The reliance of our society on technologies that are sensitive to space weather disturbances has increased in the last few decades. New systems being designed today require more and more accurate knowledge of the space environment in order to fulfill their missions.
The size and the complexity of the thermosphere-ionosphere system make it impossible to measure all relevant parameters continuously. However, the available measurements can be successfully used to constrain the results of physically-based numerical models which in turn can supply the missing information.
In this project we use the model in an effort to provide specification of the thermosphere and ionosphere in real time. We use F10.7 and ACE measured IMF, solar wind (SW) velocity and density to force the global circulation model. Due to the 30 minute propagation time of SW to the nose of the magnetosphere we are able to provide a 10-20 minute forecast for the model results. We show neutral temperature, electron density, mean molecular mass, nmF2, hmF2, TEC, and model inputs in a quick look format. We compare our model results with measurements and other model results, build statistics and display them on this page under Validation.
The coupled thermosphere ionosphere plasmasphere electrodynamics (CTIPe) model is a non-linear, coupled thermosphere-ionosphere-plasmasphere physically based numerical code that includes a self-consistent electrodynamics scheme for the computation of dynamo electric fields. The model consists of four distinct components which run concurrently and are fully coupled. Included are a global thermosphere, a high-latitude ionosphere, a mid and low-latitude ionosphere/plasmasphere and an electrodynamical calculation of the global dynamo electric field. model has evolved from an integration of a neutral thermospheric code and a high- and mid-latitude ionospheric model.
The thermospheric model was originally developed by Fuller-Rowell (Fuller-Rowell and Rees , [1980], Rees et al. , [1980]) and is fully described in the PhD thesis of Fuller-Rowell [1981]. The high-latitude ionospheric model was developed by S. Quegan (Quegan , [1982]; Quegan et al. , [1982]).

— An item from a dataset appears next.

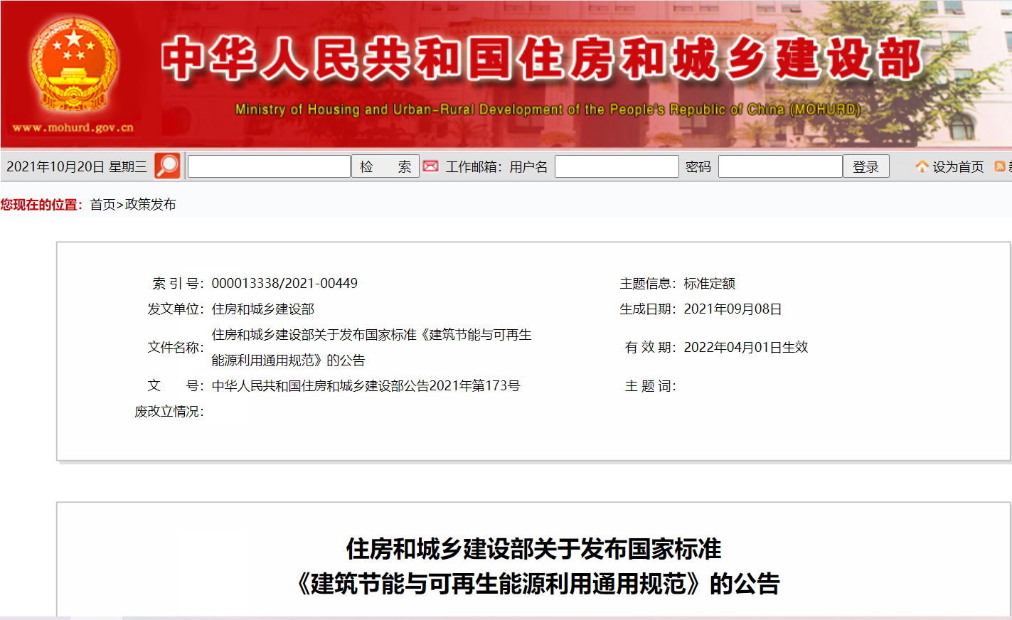 住建部近日發(fā)布公告,批準《建筑節(jié)能與可再生能源利用通用規(guī)范》為國家標準,將于2022年4月1日起實施。

The model of the Earth's mid- and low-latitude plasmasphere is based on the model of Bailey [1983]. These first three components are described in more detail under the name of coupled thermosphere ionosphere plasmasphere (CTIP) by Millward et al. , [1996]. The electrodynamic calculation was developed by Richmond and Roble , [1987] and was included in the CTIP model by Millward , [2001] resulting in the creation of CTIPe.

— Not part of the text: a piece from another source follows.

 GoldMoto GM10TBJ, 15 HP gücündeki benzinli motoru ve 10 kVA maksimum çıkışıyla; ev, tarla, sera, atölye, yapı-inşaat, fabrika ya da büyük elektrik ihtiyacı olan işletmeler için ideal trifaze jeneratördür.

The thermospheric code simulates the time-dependent structure of the wind vector, temperature, and density of the neutral thermosphere by numerically solving the non-linear primitive equations of momentum, energy, and continuity. The global atmosphere is divided into a series of elements in geographic latitude, longitude, and pressure. Each grid point rotates with Earth to define a non-inertial frame of reference in a spherical polar coordinate system. Latitude resolution is 2 deg., and longitude resolution is 18 deg.. Each longitude slice sweeps through local time with a one-minute time step. In the vertical direction the atmosphere is divided into 15 levels, in logarithm of pressure, from a lower boundary of 1 Pa at 80 km altitude, to an altitude above 500 km.
The momentum equation is non-linear, and the solution describes the horizontal and vertical advection, curvature and Coriolis effects, pressure gradients, horizontal and vertical viscosity, and ion drag. The non-linear energy equation is solved self-consistently with the momentum equation; it describes three-dimensional advection, and the exchange between internal, kinetic, and potential energy. The solutions also describe horizontal and vertical heat conduction by both molecular and turbulent diffusion, heating by solar UV and EUV radiation, Joule heating, and cooling by infrared radiation.

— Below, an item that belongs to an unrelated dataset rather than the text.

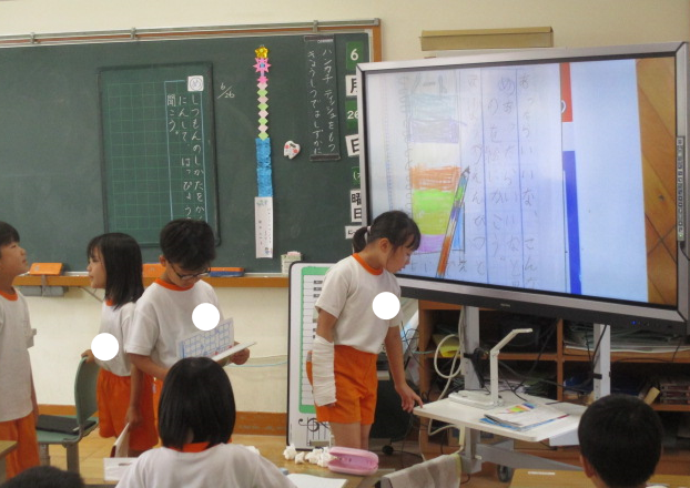 2組さんは国語の時間。「大きなかぶ」の読み取り中。

Time-dependent major species composition equations are solved including the evolution of O, O2, and N2, under chemistry, transport and mutual diffusion Fuller-Rowell et al., (1994). The time-dependent variables of southward and eastward wind, total energy density, and concentrations of O, O2, and N2 are evaluated at each grid point by an explicit, time-stepping numerical technique. After each iteration the vertical wind, the temperature, the density, and the heights of pressure surfaces are derived. The parameters can be interpolated to fixed heights for comparison with experimental data.
The model includes a chemical heat source due to the recombination of O+. This is important for the low latitude temperature structure as the large amount of ionization in the equatorial-anomaly crests after sunset turns out to be a significant heat source Fuller-Rowell et al., (1997). The ionization, heating, and dissociation rates due to solar EUV radiation are calculated following Solomon and Qian (2005). The NO cooling is calculated using the NO model of D. Marsh (2004).
The equations for the neutral thermosphere are solved self-consistently with a high- and mid-latitude ionospheric convection model Quegan et al. (1982). The ionosphere is computed self-consistently with the thermosphere poleward of 23 deg. latitude in both hemispheres. In this coupled model the ionospheric Lagrangian frame has been modified to be more compatible with the Eulerian frame by the use of a semi-Lagrangian technique Fuller-Rowell et al. (1987, 1988).
Transport under the influence of the magnetospheric electric field is explicitly treated, assuming ExB drifts and collisions with the neutral particles. The densities of atomic ions H+ and O+ and the ion temperature are evaluated over the height range from 100 to 10,000 km, including horizontal transport, vertical diffusion and the ion-ion and ion-neutral chemical processes. Below 400 km the additional contribution from the molecular ion species N2+, O2+, and NO+ and the atomic ion N+ are included. The ion temperature is calculated under the assumption of thermal balance between heat gained from the electron gas and from ion-neutral frictional heating, and heat lost to the neutral gas.
In addition to the thermosphere and high-latitude ionosphere components detailed above, a separate and more complete version of CTIM also includes a fully dynamic and coupled description of the mid- and low-latitude ionosphere and plasmasphere (CTIP). The enhancement works by solving the relevant equations of continuity, momentum and energy for the ions O+ and H+ and for the electrons, in much the same way as is done for the high-latitude ionosphere. The equations are solved along a large number of independent, closed, magnetic flux-tubes, orientated along an assumed eccentric dipole magnetic field. The effects of ExB drift due to the dynamo action of neutral winds, critical for accurate modelling of the equatorial ionosphere, are at present included as an empirical description. Complex three dimensional interpolation routines are used to provide a full coupling between the ionosphere/plasmasphere and thermsophere components.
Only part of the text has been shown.